Well, crap, I thought, what the hell is the problem?  I still couldn’t figure it out.  I’d write then pause, write then pause, write then pause; I did this for nearly an hour.  Then it hit me.  My drive hadn’t gone anywhere, I’d just overwhelmed myself.  I realized that I had been overthinking the Blogging 101 assignment for day four as to a target audience for my blog.  I’d never thought about a specific target audience for my blog.  I write because that’s what I do and I enjoy sharing my life and my art and poetry with other people.  Now I may target a specific audience based on a certain blog post but I just consider my target audience anyone who likes poetry, short stories, relating to my struggles with bipolar disorder and the like.

Something else that I realized in the brief time I thought I couldn’t write was that I have an issue with people judging me.  I was worried about what other people might think about me when I talked about my target audience or what they might think of what I do as a whole.  I had to get past this and not worry about what anyone may say about me or think about my blog.  I had to stand up for myself and realize that my blog is my blog and what I do should not be dictated based on what I think someone else might or might not think about it.  I had to realize that I can’t please everyone and if my blog or blog posts are liked by a certain audience; fine, if not that is also okay.  All I’m required to do is write and share.
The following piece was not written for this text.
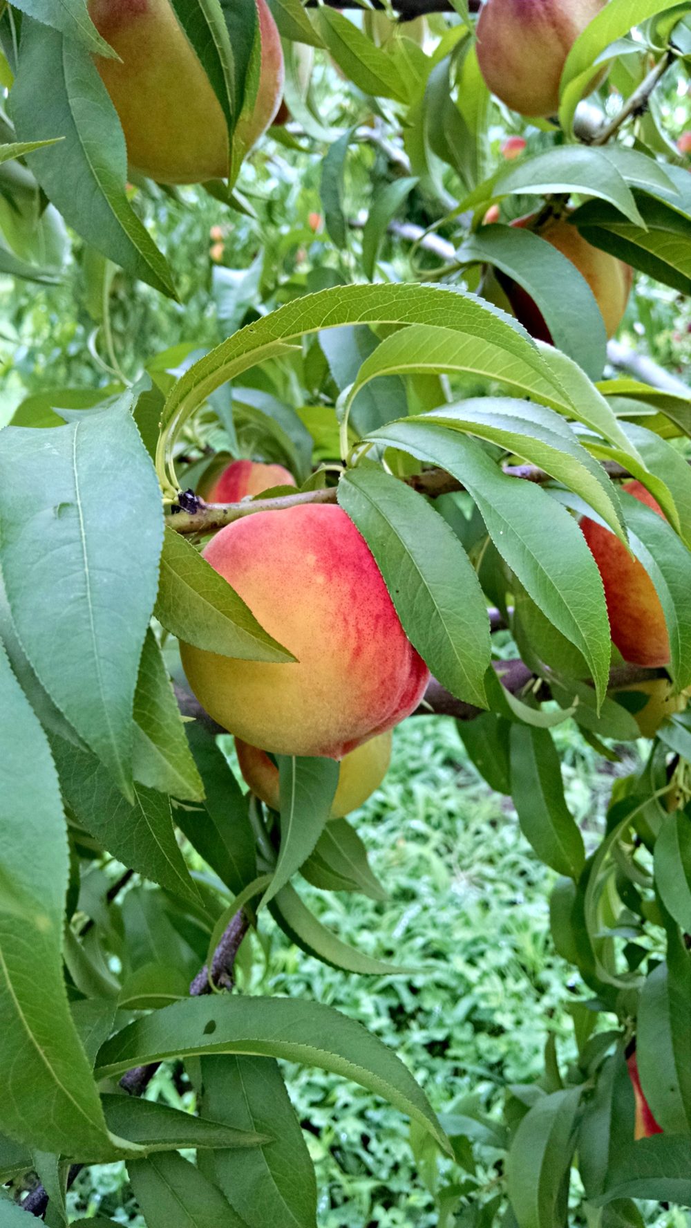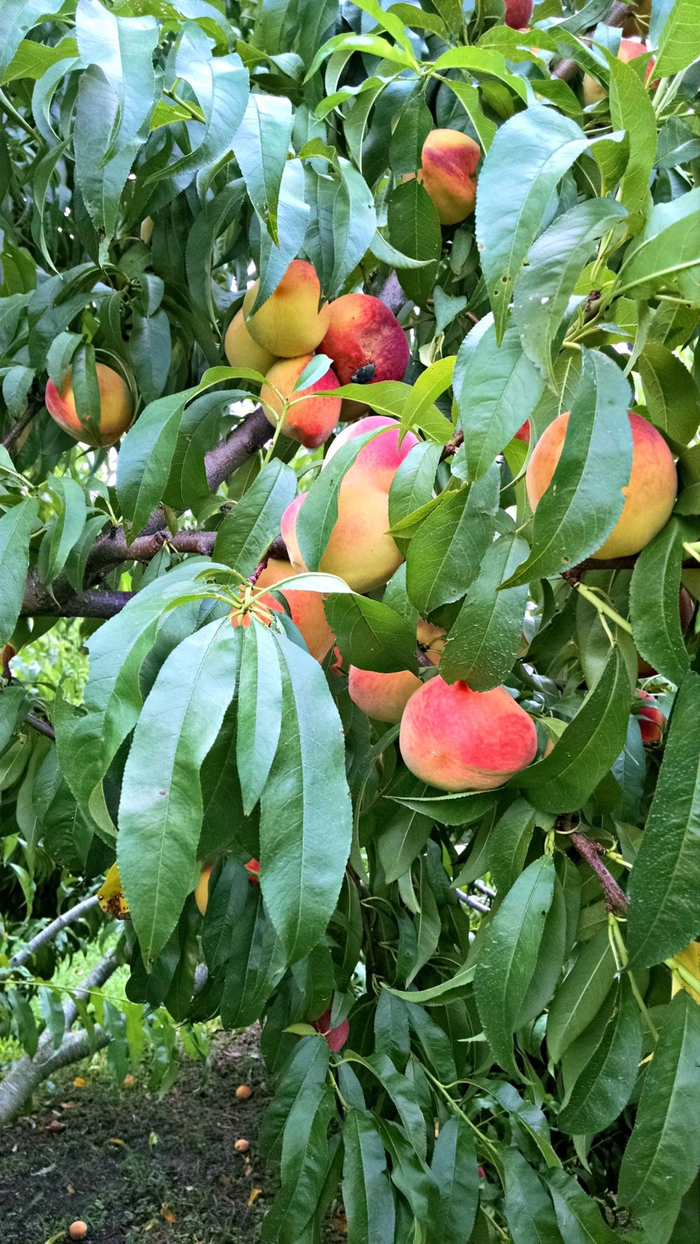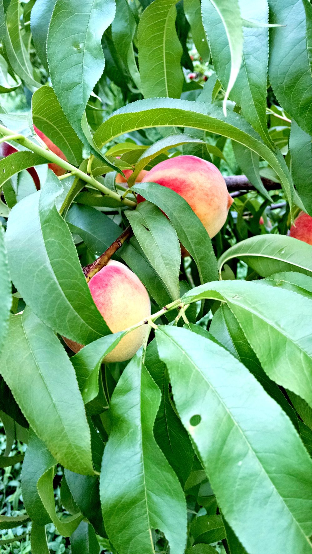I was surprised to see that they grew almost like apples, hanging from long branches at the perfect height for picking. The color of these peaches was amazing, and they were so fresh that as I walked among the rows of peach trees I saw people pick them right of the tree and take a bite, with sweet peach juice dribbling down their chin.

Once I got around all of this self-doubt and apprehension I was able to go ahead and finish the assignment without a problem.  I’m proud of what came out of this hiccup and if my story helps someone else I’m happy.  If no one reads it that, too, is fine.  Whatever audience I touch through my art is a plus regardless of what audience it may be.  This is who I am and that’s all that really matters at the end of the day.